Willie said, “Don't they have black people?”

“I don't know. I don't think he really knows either.”

“Why doesn't he just go to the bank and find out? Ask for a form.”

“He feels they might put him off in a discreet way. They might say they've run out of forms. He doesn't want that to happen. He will go to Coutts and ask to open an account only when he is sure that they'll take him. He wants to do it very casually, and he must be the first black man to do it. It's all very involved and I can't say I understand it. But you'll talk to him about it.
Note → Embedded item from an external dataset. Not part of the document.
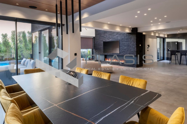 Detached house For sale, floor: Basement, Ground floor, 1st, 2nd (4 Levels), in Glyfada - Aigli. The Detached house is 536.35 sq.m.. It consists of: 4 bedrooms (3 Master), 5 bathrooms, 2 kitchens, 3 living rooms and it also has 1 parkings (1 Open). Its heating is Autonomous with Heat pump, Underfloor heating, Air conditioning, Solar water system, Boiler are also available, it has Aluminum frames with Double glazed windows, the energy certificate is: B+ and its floors are Granite. The property's status is: Excellent condition, it is close to Transportation, Park, School, Local market, 14 Km from city, 2.5 Km from seaside, 24 Km from airport, it has Mountain, Nature, Good, Unobstructed view. The Detached house is Painted, With Facade, Bright, Airy, Ramp / Wheelchair access, Luxury, it is suitable for Investment, Revenue source, Co-housing and it also has the following unique features and advantages: Electric Appliances, Energy fireplace, Storage, Attic, Internal staircase, Swimming pool, Garden, Security door, CCTV, Security alarm, Security cameras, Fire extinguishers, Smoke detector, Internet, Satellite Receiver, Night stream, Automatic watering, Grass, Trees, Pets allowed, Quiet neighborhood, Solar panels, Fiber line, Porch, Smart home, Car charger, Service/Maid's room, Drains. PROPERTY DESCRIPTION: A luxurious residential property, crafted with premium natural materials such as walnut wood, marble, and glass. Its modern architecture combines earthy tones with elegant design, creating a unique landmark in the area.DESIGN: The building comprises a basement 203.55 sq.m, ground floor 155.80 sq.m, first floor 127 sq.m, and attic 50 sq.m, alongside outdoor areas with a 50 sq.m. swimming pool, combining luxury and functionality.ENERGY-EFFICIENT BUILDING: Rated as Energy Class B+, it features a Smart Home management system, solar panels, and infrastructure for high energy efficiency.HEATING & COOLING: Includes underfloor heating with a heat pump, ethanol fireplace, and a Daikin VRV air conditioning system for maximum comfort.EQUIPMENT: Equipped with a private electric vehicle charger, advanced CCTV security system, high-quality kitchens, and custom-designed furniture.MATERIALS: Eco-friendly materials, premium granite tiles, LED lighting, and fire-resistant security doors. LOCATION: Situated in a peaceful and green area with low-density development, surrounded by elegant single-family homes, offering tranquility and prestige.. Price: €3,750,000. Plasis Real Estate Glyfada, contact phone: 2109601909, email:

He's quite open. It's part of his charm. There will also be a young poet and his wife. You should have no trouble with them. They will look disapproving and say absolutely nothing, and the poet will be waiting to snub anyone who talks to him. So you don't have to say anything to him. He is actually quite well known. My editor will be very pleased to meet him. In a foolish moment I wrote a friendly paragraph about one of the poet's books in a London Letter, and word somehow got back to him. That's how I've been landed with him.” Willie said, “I know about silent people. My father was always on a vow of silence. I'll look the poet up.”

“It won't give you any pleasure. The poetry is complicated and showing off and perfectly arid, and you can think for some time that it's your fault it's like that. That's how I was taken in. Look him up if you want, but you mustn't feel you have to do it before the dinner. I'm asking the poet and his wife only for the nosegay effect. A little bit of dead fern, to set the whole thing off. The people you should study are two men I've known since Oxford. They are both of modest middle-class backgrounds and they pursue rich women. They do other things, but this is actually their career. Very rich women. It began in a small way at Oxford, and since then they have moved up and up, higher and higher, to richer and richer women. Their standards of wealth in a woman are now very high indeed. They are bitter enemies, of course. Each thinks the other is a fraud. It's been an education to see them operate. They both at about the same time in Oxford made the discovery that in the pursuit of rich women the first conquest is all-important. It piques the interest of other rich women, who might otherwise pay no attention to a middle-class adventurer, and it brings these women into the hunter's orbit. Soon the competition is among the rich women, each claiming to be richer than the other.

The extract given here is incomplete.